His words came in the wake of the military telling 64 members of the Karen ethnic community on December 24 that they had three days to leave Thailand and head back to neighboring Myanmar (formerly Burma). As far as military officials were concerned the Karen, who were subsequently arrested during a roundup, belonged to a rebel movement waging a separatist war with Myanmar's military junta. They were "members of the anti-Yangon Karen National Union", an army spokesman said.

Forum-Asia disagrees, declaring in a statement on Friday that the 65 Karen were "unarmed civilians". The affected communities have appealed to the Human Rights Commission and rights groups to come to their aid, since the Thai army had been warning the Karens that "they would be pushed across the border" to Myanmar, Forum-Asia stated.

"I don't agree with these steps," said Jaran Ditapichai, a member of the Thai Human Rights Commission. "We have appealed to the army not to send people back."

But these words have done little to stop the chill spreading among the many refugees and political activists from Myanmar who fled persecution in their.

"There is a sense of fear and insecurity that the people are feeling due to what is going on," said Masao Imamura, an analyst based in Thailand's northern city of Chiang Mai for EarthRights International, an environmentalist and rights lobby.

Signs of this "climate of pressure" have become increasingly evident during the past year, admits Aung Zaw, editor of The Irrawaddy, a Thailand-based English-language magazine that focuses on Myanmese and other Southeast Asian issues. "There are a lot of dissidents, some having been here for 10 years, who have had to live carefully, playing hide-and-seek, due to signs coming from the Thai government that made them feel uneasy," he added.

Last year, for instance, the Thai government announced it was hoping to close at least 10 camps along the Thailand-Myanmar border where refugees from the Karen and Kareni ethnic groups live. That came on top of Thai authorities' crackdown on a rights group working for another ethnic-minority group from Myanmar, the Shan.

Commentators attribute this trend to a move by the government of Thai Prime Minister Thaksin Shinawatra to develop closer bonds with Yangon. The Thaksin administration's policy of strengthening ties with Thailand's northern neighbor is a marked contrast to that of the previous government, which kept Yangon at some distance because of its notorious rights record.

Critics say that Myanmese authorities can handle the flow of economic migrants crossing into Thailand, but they see red at the increasing number of those fleeing due to political reasons. "So the planned crackdown helps [Yanong]," said an international aid worker. Currently, there are well over 100,000 people who have sought refuge in Thailand for political reasons, many of them living in camps in four provinces in western and northern Thailand. Others, particularly Myanmese dissidents in exile, live in towns. This number, however, is far less than the number of migrants from Myanmar - estimated at a million - and from Thailand's other poorer neighbors, Laos and Cambodia, who have slipped into this country in search of jobs.

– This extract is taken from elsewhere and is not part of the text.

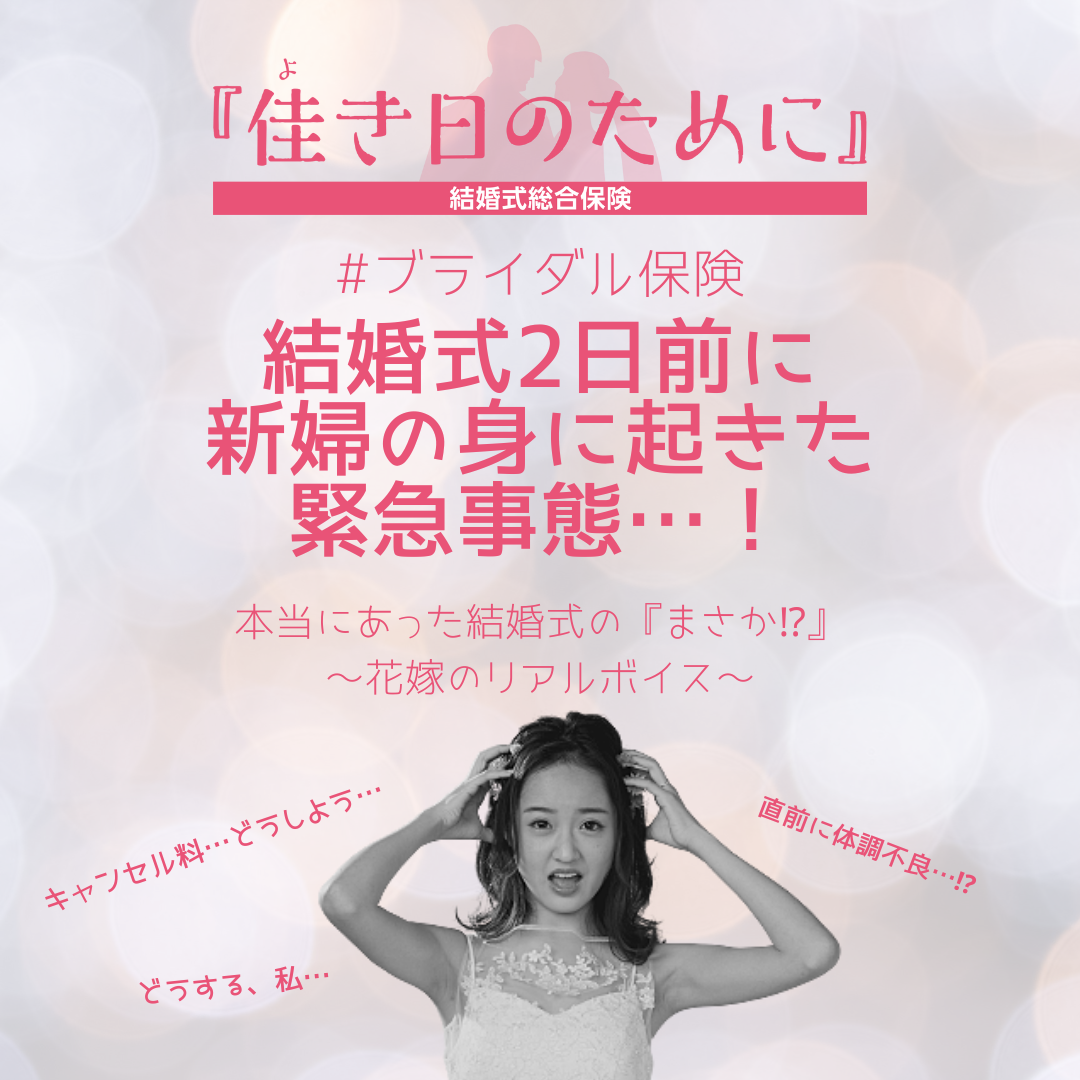 実際に結婚式総合保険に加入された花嫁の中には実際に「まさか」を体験された方もいらっしゃいます。

Bangkok, in fact, has been trying to control this flow of illegal migration. In 2001, it succeeded in getting some 560,000 Myanmese workers to register with authorities to address this economic migration. Most of the illegal workers are employed in the agriculture sector and in some factories, where they accept lower pay than locals.

Indrika Ratwatte of the UNHCR said the Thai government should not act in a manner that will squander its reputation as a country with an impressive humanitarian record. "When it comes to refugees, Thailand has exemplary achievements since the 1970s, unlike other more developed countries in the region who closed their doors on refugees fleeing the Indochina war."

Since 1975, Thailand, although not a signatory to the UN Refugee Convention, has opened its doors to more than 1.5 million people fleeing conflicts from neighboring countries such as Laos, Vietnam, Cambodia and Myanmar.

"The vast majority of Burmese refugees want to go back home, as was the case with those who came here during the Indochina war," Ratwatte asserted. "But they want to go back when the conditions are right, when they can return and live in safety and with dignity."

Life in Myanmar, however, does not measure up to safe conditions, given the iron grip Yangon's ruling military junta has on the society and the war the military is waging on some of the country's ethnic minorities. The Thai authorities should think again before calling for Myanmese refugees to be repatriated, argues Jaran, the Thai human-rights commissioner. "The conditions in Burma are not safe for people to be pushed back."

(Inter Press Service)
 
Jan 7, 2003


Thailand's Myanmar 'appeasement' blasted
(Aug 28, '02)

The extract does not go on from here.